To pin labels of “religious extremism” is the easiest way to deal with such catastrophes, for it constructs a dichotomy of “us” versus “them”. In creating this polarised world view, “evil” becomes the exclusive domain of “nutters”, fanatics, unreal people who are as far removed from anyone like “us” as is possible. If only it were so easy. Identity, after all, is constructed in relation. Terrorists do not exist in a vacuum. And perhaps what’s most uncomfortable in the case of the Boston bombers, as was the case in the London bombings of July 2005, is the fact that the bombers had lived as citizens of the country they attacked.

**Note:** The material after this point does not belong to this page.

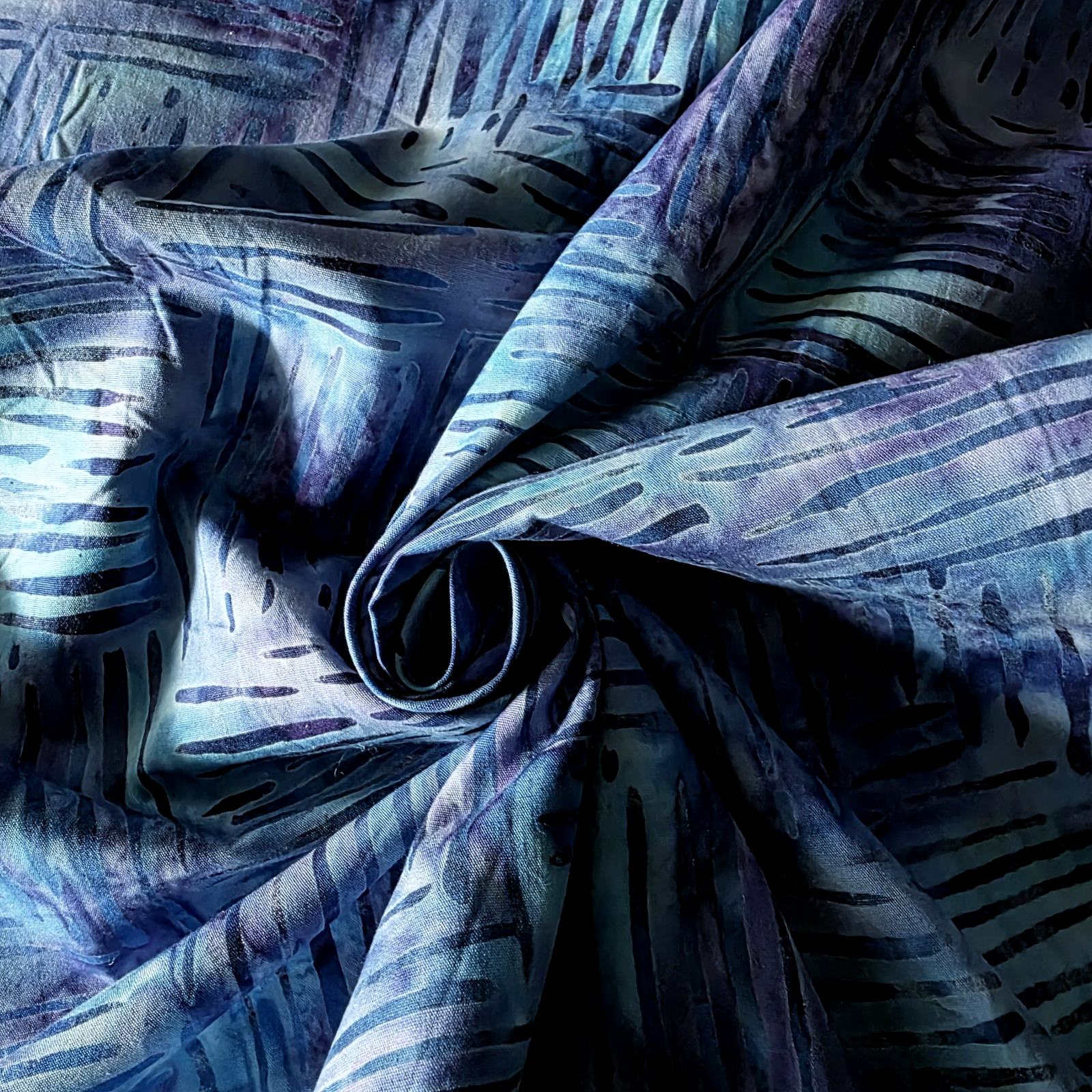 This is a fabulous cotton shirting/quilting batik fabric from Indonesia, made by hand with traditional techniques featuring a wonderful pattern of groups of lines rotating orientation, all in shades of turquoise blues and purples. Because this fabric is dyed, not printed, the design goes all the way through the fabric, so it’s ideal for garments or accessories where the reverse will show.

I have no claim to being an expert on terrorism, and it isn’t the intention of this blog to analyze if and how society is implicated in terrorism. Rather, I’m just an MA student, who has a great deal more to learn, and a modest preoccupation with the well-being of humanity. But I write the following with utter confidence: us/them discourses of blame, and violent, homogenizing attacks on other peoples’ religions and cultures will neither help to protect against the potential of future terrorist attacks, nor will they help victims of terrorism. Therefore I do not propose to answer questions of motivation, or to suggest a solution to tackling terrorism and/or religious extremism. I do propose what is, in my understanding, the best response to Boston and other atrocities.
I guess it is something of a cliché to end a blog with a quote from Martin Luther King Jr., but today I speak his humble and compassionate words for the second time, as loudly as I can: “We must meet hate with love”. Love is the only suitable response to hatred, and is the best defense for all of us.
Well said…
Charlotte, thank you for your beautiful reflection and reminder on the power of love as the only suitable response and defense. May we practice it well.
Charlotte, having spent the weeks in Boston since these bombings, I can say “amen.” Imam Suhaib Webb said at a recent event that “Our resilience as Boston, our love… has empowered us to be a model for the rest of the country.” It’s only just begun, but let’s pray/hope that we may continue to embody the spirit of your reflection.